El pintor, uno de los padres del Museo de Vilafamés, sigue creando a pleno pulmón tres años después de haber superado un momento crítico

Progreso, en su estudio. GERMÁN CABALLERO

Progreso, registrado como Juan Daniel Domínguez en el Puerto de Sagunt en 1932, lo pasó muy mal hace tres años. Estuvo entre la vida y la muerte. Pero salió. Y tanto. A sus 85 años, Progreso está desatado. Una obra al día. Y divertido. Trabaja por series. Se enfrasca en un tema. Lo estudia. Lo analiza. Y luego, regala un máximo de veinte piezas. «Nunca más de veinte porque no hay nada peor que empezar a copiarse a uno mismo». Y entre serie y serie, un autorretrato. O una gamberrada impúdica. Un par de desnudos desparramados. O una señora elegante. O un moray de la Isla de Pascua en tres colores sólidos que bien podría haber sido la portada más moderna de un LP de The Cure.

«La imaginación lo es todo», sentencia el maestro en su estudio cuando relata cómo esa pieza que está en la esquina empezó al revés. «Primero la pinté así, pero no me gustó. Entonces le día la vuelta, le puse dos cosas nuevas aquí y mira que bien ha quedado».

Cuando apenas tenía cuatro años, estalló la Guerra Civil. «Mi padre, que trabajaba en la siderurgia y conocía a mucha gente, me llevó a una casa con corral en la Sierra Calderona y desde la terraza veíamos los bombardeos sobre el puerto y los altos hornos». Cuando la cosa se puso fea, Progreso se mudó a una masía en Bicuerca, en Casas de Utiel, con su abuelo, que era pastor.

Progreso acompañó a su abuelo con el rebaño hasta los diez años. No iba al colegio.
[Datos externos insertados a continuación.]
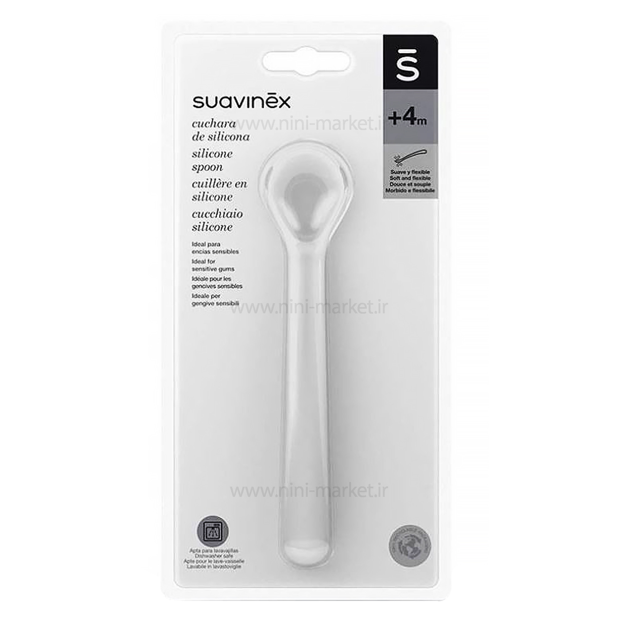 قاشق سیلیکونی رنگ طوسی +4 ماه سواوینکس Suvainex محصول کشور اسپانیا می باشد. قاشق جنس ۱۰۰ درصد سیلیکونی و نرمی دارد و سری آن منعطف و دارای لبه‌های نرم است که به دهان و دندان کودک آسیبی نمی رساند. همچنین به خاطر نرم بودن جنس آن می توان به کودک اجازه داد با استفاده از این قاشق به تنهایی غذا بخورد.قاشق کودک طراحی زیبا و مقاومی دارد و دسته آن ارگونومیک و مناسب برای به دست گرفتن نوزاد است.  قاشق سیلیکونی دسته بلند سواوینکس از کیفیت ساخت بالایی برخوردار است و فاقد مواد مضر مانند بیسفنول آ می باشد. این قاشق مناسب برای کودکان بالای ۴ ماه است. قاشق قابل شستشو به صورت دستی و یا با ماشین ظرف شویی می باشد.
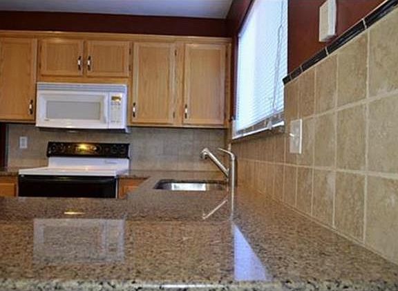 Granite counter tops, newer sink and faucet, and refinished wood floors in kit/dining, newer frieze carpet. Backs to trees and gorgeous lake view. Spacious great room with elegant fireplace overlooking large entertaining area on the back deck. Three bedrooms upstairs. Large master suite with walk-in closet and bathroom. Basement has a perfect media room space that could be used as another bedroom area. Plenty of storage space in this home and two car garage. Cute courtyard area between the garage and home
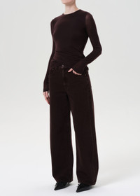 The Eve Twist Tee is a long sleeve crewneck with subtle front twist detailing at the hem for a softly draped effect. Form-fitting and flexible with a refined feel. Style it with high-rise denim or layered under jackets for a sleek, everyday base. This fit is true to size. Looks Like: Dark brown and burgundy long sleeve crewneck tee with front twist detailing at the hem line Feels Like: Ultra-soft, lightweight fine needle baby rib MORE DETAILS Body Length: 25 1/2" Chest: 28 1/2" Sweep: 28" Shoulder to Shoulder: 13 3/4" Model is 5'10" and wearing a size Small Fabric: 94% Lyocell, 6% Spandex Care Instructions: Machine wash cold. Made in USA with imported materials A7394-1618-ROTO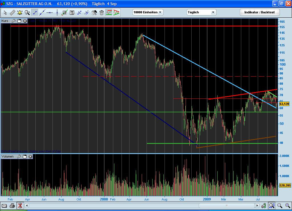 Aus charttechnischer Sicht betrachtet ist die Aktie des 2. größten deutschen Herstellers von Stahlerzeugnissen am oberen Abwärtstrend im Bereich um 73 -74 Euro abgeprallt.
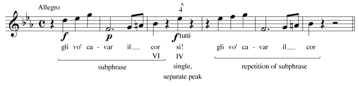 Example 3. Mozart, Don Giovanni, K. 527. No. 3: "Ah! Chi mi dice mai!" (Dona Elvira), mm. 50-55, annotated melodic line [GIF format] | Change to DjVu |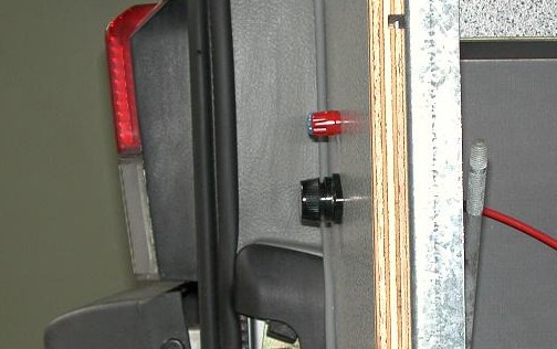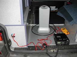 Das linke Bild zeigt den ersten Funktionstest des Funkgerätes am Dummyload RD 010/50 (Rhode & Schwarz, graues Metallgehäuse). Ich danke Bernd, dem Besitzer des Busses, für die Einbauerlaubnis. Dafür besitzt er jetzt aber auch eine "Powersteckdose", an die problemlos ein 12V-Kompressor oder ein Suchscheinwerfer angeschlossen werden kann.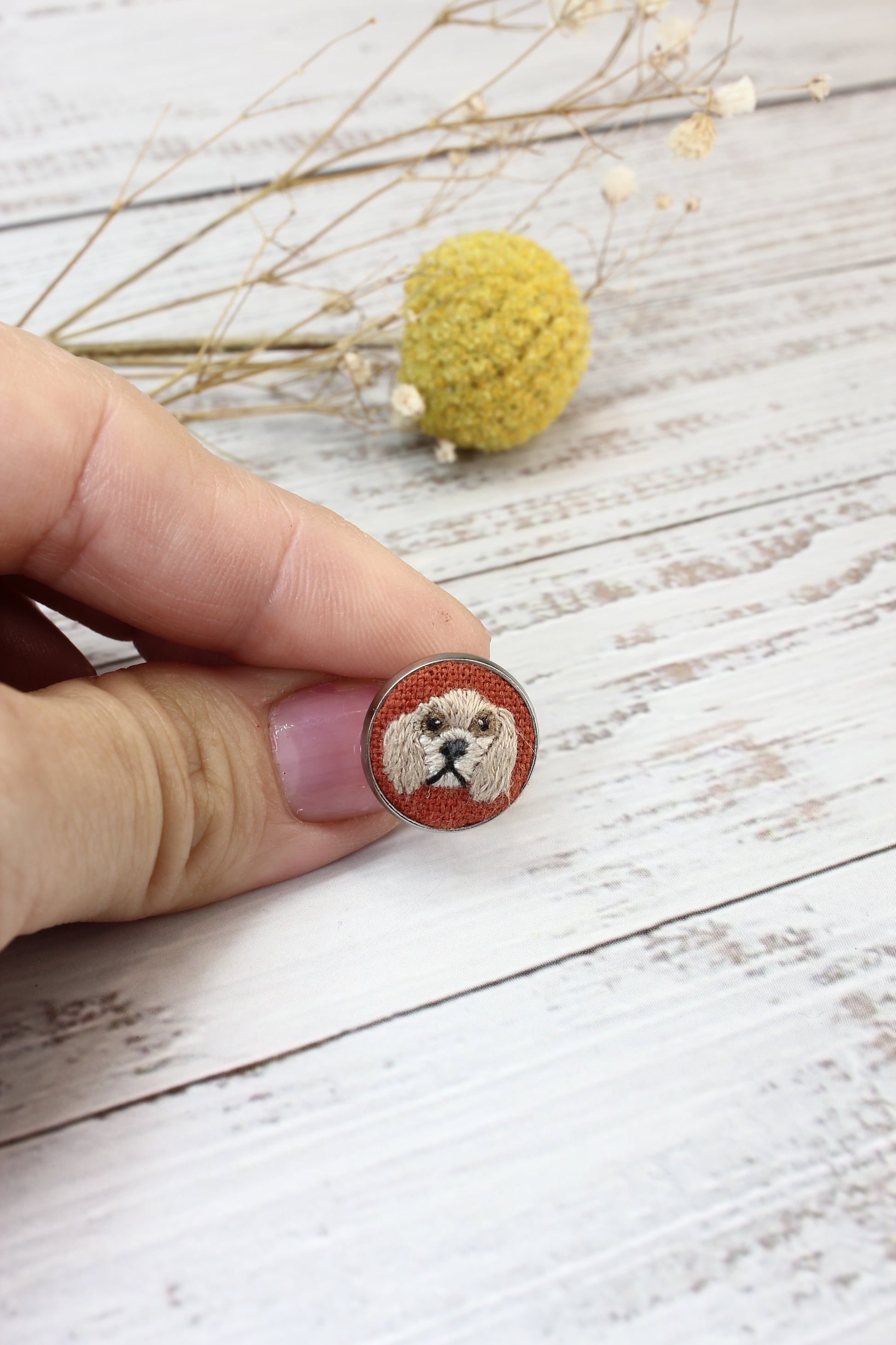 * These Cocker Spaniel embroidered studs earrings are made in a Stainless Steel Bezel

Paseaba por el monte. «El abuelo me enseñó a conocer las letras». Y algo mucho más grande, el valor de la palabra. «Cuando decía algo?», solo una mano sacudida en el aire puede expresar la calidad del compromiso adquirido.

«Con diez años volví a València y me encontré con mis padres y una hermana». Apenas sabia leer cuando empezó en la escuela, pero «con 14 años era el primero de la clase, sabía taquigrafía, mecanografía y escribir el dictado sin faltas».

Ya le gustaba pintar, de modo que entró en Artes y Oficios. «Hasta hoy». Hoy ha aparecido un cabezón en el lienzo que está sobre el caballete. «Voy a hacer una serie sobre la procesión del Corpus. Yo seré un gigante».

Vicente Aguilera Cerni y su tío, Francisco Cerni, residente en Vilafamés, se cruzaron en la vida de Progreso y varios otros. El impulso de un premio de pintura para residentes en la localidad de la Plana Alta llevó a un nutrido grupo de creadores a instalarse en el casco histórico del pueblo. La condición para optar era tener casa en el pueblo.

«En 1969, en el Museo del Vino de Vilafamés, expusimos Gabriel Cantalapiedra, Uiso Alemany, Vicente López y yo. Y fue un éxito». Aquel fue el germen del actual museo Aguilera Cerni. «Un alcalde, que además era diputado, comprendió el interés de la iniciativa y la Diputación compró el Palacio del Vale, que ahora es el museo».

Decenas de pintores, escultores y otros creadores se instalaron allí. «Yo he querido mucho Vilafamés, casi tanto como la Bicuerca. Eramos unos 40 artistas. En un momento empecé a hacer retratos de gente del pueblo, de pintores, de Nasio, de Agustín de Celis? Y los regalaba. El de Úrculo todavía lo tengo, se fue a vivir a Madrid porque tenía mucho trabajo y ahora ya está muerto».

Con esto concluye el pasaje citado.